Если мы продолжим приспосабливаться и произведем умелое терраформирование (изменение климатических условий планеты для приведения ее атмосферы, температуры и экологических условий в состояние, пригодное для обитания земных растений и животных; термин впервые использовал американский писатель-фантаст Джек Уильямсон в 1942 году), то у нас будут все генетические и эволюционные предпосылки к тому, чтобы жить на нашей планете даже в эпоху угасания Солнца.
Но возможен менее благополучный вариант. Как считает Ник Бостром, загрузка нашего сознания в компьютер могла бы означать конец человечества. Совершенный искусственный разум получил бы возможность извлекать различные элементы наших знаний, а затем собирать из них нечто, что уже не будет иметь отношения к человеку. Это сделало бы нас морально устаревшими.

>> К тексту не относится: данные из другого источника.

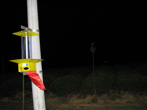 宣郎广茶业总公司加强示范茶园建设,积极做好示范区茶园病虫害防治工作,改善环境,采取多种形式,科学防治病虫害。今年投资近5万元购买诱蛾灯,于5月上旬,在示范茶园成排安装,进行灯光诱蛾物理防治茶园虫害,效果明显。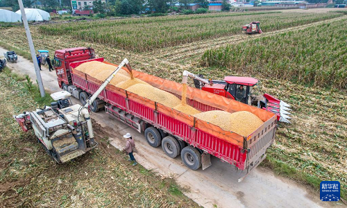 10月14日,在河南省商丘市夏邑縣會亭鎮(zhèn),收割機(jī)將收獲的玉米裝車(無人機(jī)照片)。(新華社發(fā) 王高超 攝)

Итак, Бостром прогнозирует следующий сценарий развития событий: «Некоторые человеческие индивидуумы будут производить загрузку в компьютер и делать несколько собственных копий. Между тем благодаря постепенному прогрессу в нейронауке и создании искусственного интеллекта впоследствии появится возможность помещать знания каждого человека в индивидуальный модуль, а затем соединять его с модулями других людей. Модули, соответствующие общему стандарту, могли бы лучше общаться и взаимодействовать с другими модулями, что было бы более экономичным и продуктивным и вызывало бы потребность в дальнейшей стандартизации. Для умственной структуры человеческого типа могло бы тогда попросту не найтись места».
Но моральное устаревание человеческого вида как такового — не такая уж большая беда по сравнению с еще одной перспективой, обсуждаемой Ником Бостромом. Если бы новым критерием эволюционной приспособленности стала эффективность машин, то в нашей жизни было бы уничтожено очень многое из того, что мы считаем глубоко человеческим. Философ пишет: «Существуют такие сумасбродные и приятные вещи, которые в значительной мере условно наполняют человеческую жизнь смыслом: юмор, любовь, игры, искусство, секс, танцы, светские беседы, философия, литература, научные открытия, еда, дружба, воспитание детей, спорт. Исходя из своего вкуса и возможностей, мы занимаемся всем этим, и в эволюционном прошлом нашего вида подобные предпочтения носили приспособительный характер. Но какие у нас основания для уверенности, что эти же или подобные им вещи по-прежнему будут нужны нам для адаптации в будущем? Вероятно, тогда добиваться максимальной эволюционной приспособленности станет возможным лишь путем непрерывного, тяжелого и монотонного труда с помощью повторяющихся и изматывающих рабочих операций, главная цель которых — крохотное улучшение какого-нибудь производственно-экономического показателя».